◆ Task data:
= Beginning of Section =

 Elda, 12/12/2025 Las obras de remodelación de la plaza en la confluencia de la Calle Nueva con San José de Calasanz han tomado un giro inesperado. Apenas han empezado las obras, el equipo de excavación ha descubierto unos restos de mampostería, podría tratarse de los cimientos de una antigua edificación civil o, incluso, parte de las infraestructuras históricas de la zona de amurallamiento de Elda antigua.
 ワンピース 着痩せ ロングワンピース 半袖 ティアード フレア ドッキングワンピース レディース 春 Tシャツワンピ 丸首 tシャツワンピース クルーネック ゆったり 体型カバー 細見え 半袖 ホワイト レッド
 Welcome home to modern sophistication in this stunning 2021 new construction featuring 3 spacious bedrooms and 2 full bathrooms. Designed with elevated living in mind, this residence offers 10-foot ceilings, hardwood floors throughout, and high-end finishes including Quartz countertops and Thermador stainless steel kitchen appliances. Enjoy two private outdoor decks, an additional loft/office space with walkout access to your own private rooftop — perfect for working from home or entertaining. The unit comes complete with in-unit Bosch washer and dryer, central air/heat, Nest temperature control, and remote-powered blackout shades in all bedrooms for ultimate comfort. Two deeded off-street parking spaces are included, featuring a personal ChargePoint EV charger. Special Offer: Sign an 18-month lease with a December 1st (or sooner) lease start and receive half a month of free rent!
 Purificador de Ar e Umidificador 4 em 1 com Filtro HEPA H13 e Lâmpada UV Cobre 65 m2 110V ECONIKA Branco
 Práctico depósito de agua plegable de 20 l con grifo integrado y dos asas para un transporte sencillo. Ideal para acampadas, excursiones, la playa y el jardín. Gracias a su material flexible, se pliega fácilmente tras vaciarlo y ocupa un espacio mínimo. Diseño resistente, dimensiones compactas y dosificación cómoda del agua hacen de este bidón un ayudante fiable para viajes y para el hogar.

= End of Section =
= Beginning of Section =

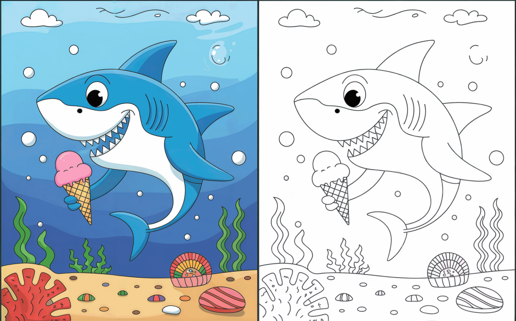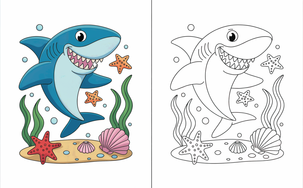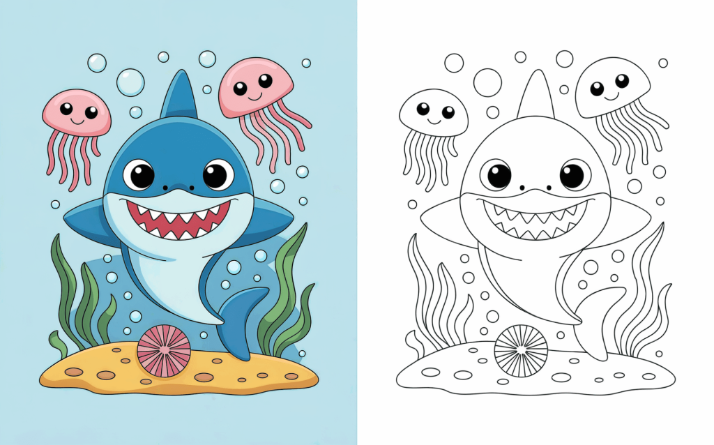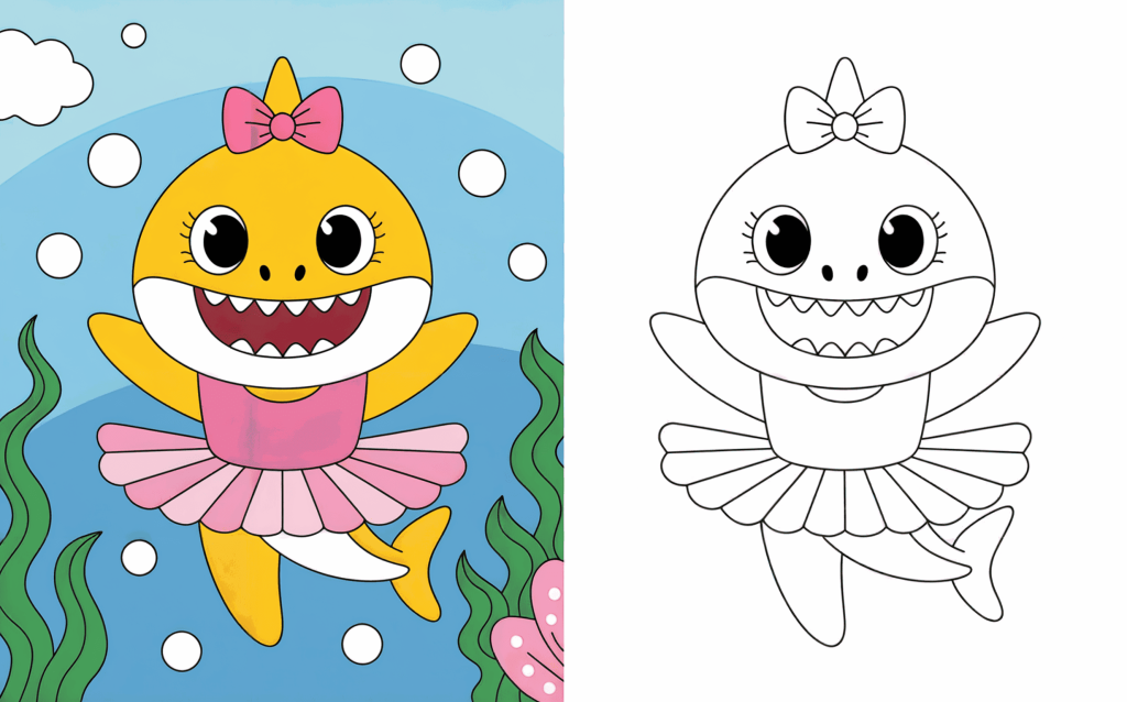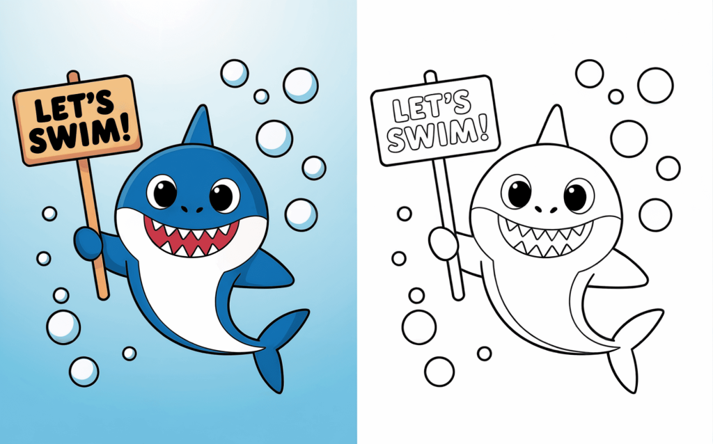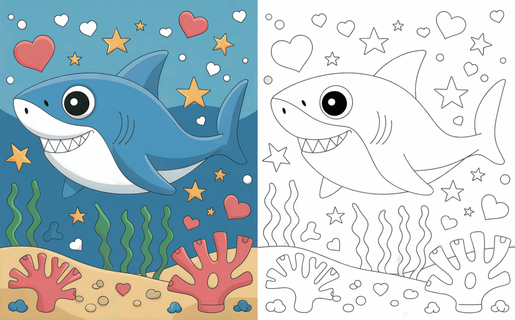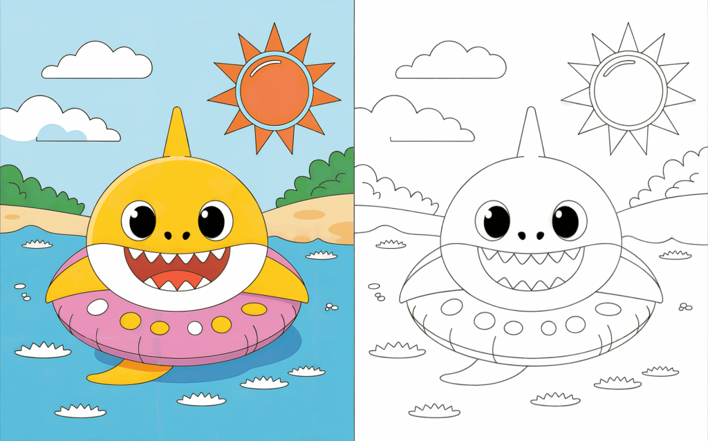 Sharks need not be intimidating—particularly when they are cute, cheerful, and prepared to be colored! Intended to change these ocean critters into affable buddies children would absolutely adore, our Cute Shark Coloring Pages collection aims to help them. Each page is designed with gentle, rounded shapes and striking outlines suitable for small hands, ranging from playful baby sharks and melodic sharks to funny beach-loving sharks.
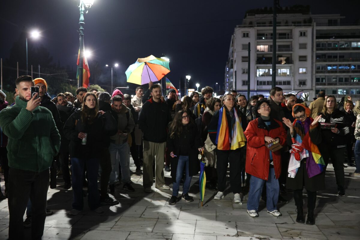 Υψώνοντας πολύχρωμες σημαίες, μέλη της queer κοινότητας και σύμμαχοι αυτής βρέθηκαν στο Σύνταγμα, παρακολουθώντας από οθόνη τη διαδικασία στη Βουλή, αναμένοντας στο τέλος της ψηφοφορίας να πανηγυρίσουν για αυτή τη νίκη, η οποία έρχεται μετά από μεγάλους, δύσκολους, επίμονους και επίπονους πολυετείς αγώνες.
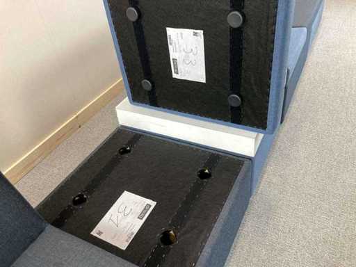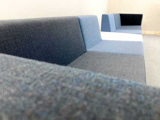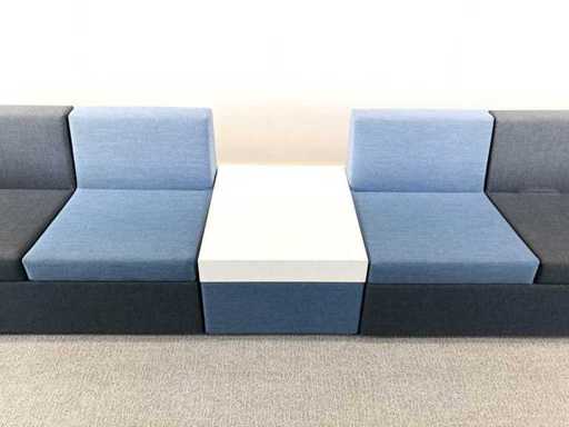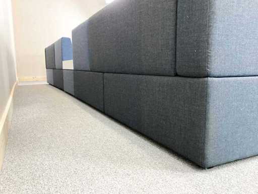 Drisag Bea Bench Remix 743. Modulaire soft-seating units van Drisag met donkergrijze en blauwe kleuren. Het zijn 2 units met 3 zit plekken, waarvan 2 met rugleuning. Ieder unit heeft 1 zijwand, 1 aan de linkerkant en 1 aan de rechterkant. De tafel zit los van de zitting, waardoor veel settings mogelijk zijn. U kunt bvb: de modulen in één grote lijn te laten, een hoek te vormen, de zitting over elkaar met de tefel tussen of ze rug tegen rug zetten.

= End of Section =
= Beginning of Section =

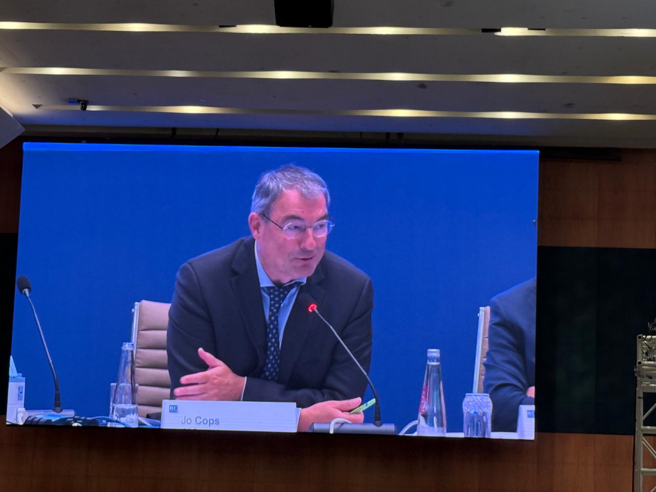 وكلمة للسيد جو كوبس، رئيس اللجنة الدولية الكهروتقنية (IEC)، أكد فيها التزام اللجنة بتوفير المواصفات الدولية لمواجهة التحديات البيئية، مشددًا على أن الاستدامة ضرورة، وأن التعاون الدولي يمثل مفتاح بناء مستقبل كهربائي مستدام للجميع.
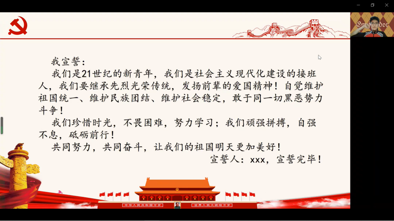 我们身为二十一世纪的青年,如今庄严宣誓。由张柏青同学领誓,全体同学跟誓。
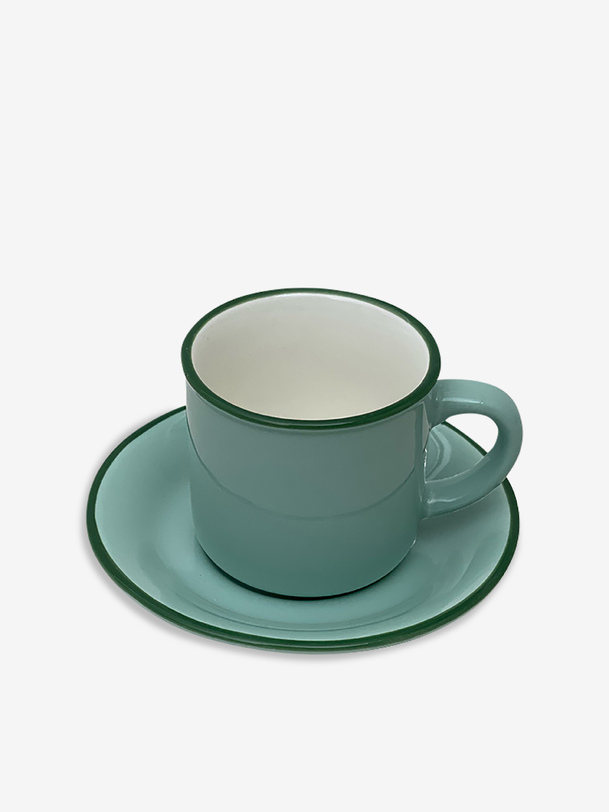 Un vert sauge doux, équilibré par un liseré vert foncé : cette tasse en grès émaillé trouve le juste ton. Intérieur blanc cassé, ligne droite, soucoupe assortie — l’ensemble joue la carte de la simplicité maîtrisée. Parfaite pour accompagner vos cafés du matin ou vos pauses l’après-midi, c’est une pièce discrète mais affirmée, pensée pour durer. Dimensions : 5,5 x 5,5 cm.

= End of Section =

◆ Exercise directions: Beginning at the line above that contains "Sharks need not" and going on through the line that contains "Drisag Bea Bench", please copy every line exactly, leaving the pictures out and adding nothing.

◆ Answer to this exercise:
 Sharks need not be intimidating—particularly when they are cute, cheerful, and prepared to be colored! Intended to change these ocean critters into affable buddies children would absolutely adore, our Cute Shark Coloring Pages collection aims to help them. Each page is designed with gentle, rounded shapes and striking outlines suitable for small hands, ranging from playful baby sharks and melodic sharks to funny beach-loving sharks.
 Υψώνοντας πολύχρωμες σημαίες, μέλη της queer κοινότητας και σύμμαχοι αυτής βρέθηκαν στο Σύνταγμα, παρακολουθώντας από οθόνη τη διαδικασία στη Βουλή, αναμένοντας στο τέλος της ψηφοφορίας να πανηγυρίσουν για αυτή τη νίκη, η οποία έρχεται μετά από μεγάλους, δύσκολους, επίμονους και επίπονους πολυετείς αγώνες.
 Drisag Bea Bench Remix 743. Modulaire soft-seating units van Drisag met donkergrijze en blauwe kleuren. Het zijn 2 units met 3 zit plekken, waarvan 2 met rugleuning. Ieder unit heeft 1 zijwand, 1 aan de linkerkant en 1 aan de rechterkant. De tafel zit los van de zitting, waardoor veel settings mogelijk zijn. U kunt bvb: de modulen in één grote lijn te laten, een hoek te vormen, de zitting over elkaar met de tefel tussen of ze rug tegen rug zetten.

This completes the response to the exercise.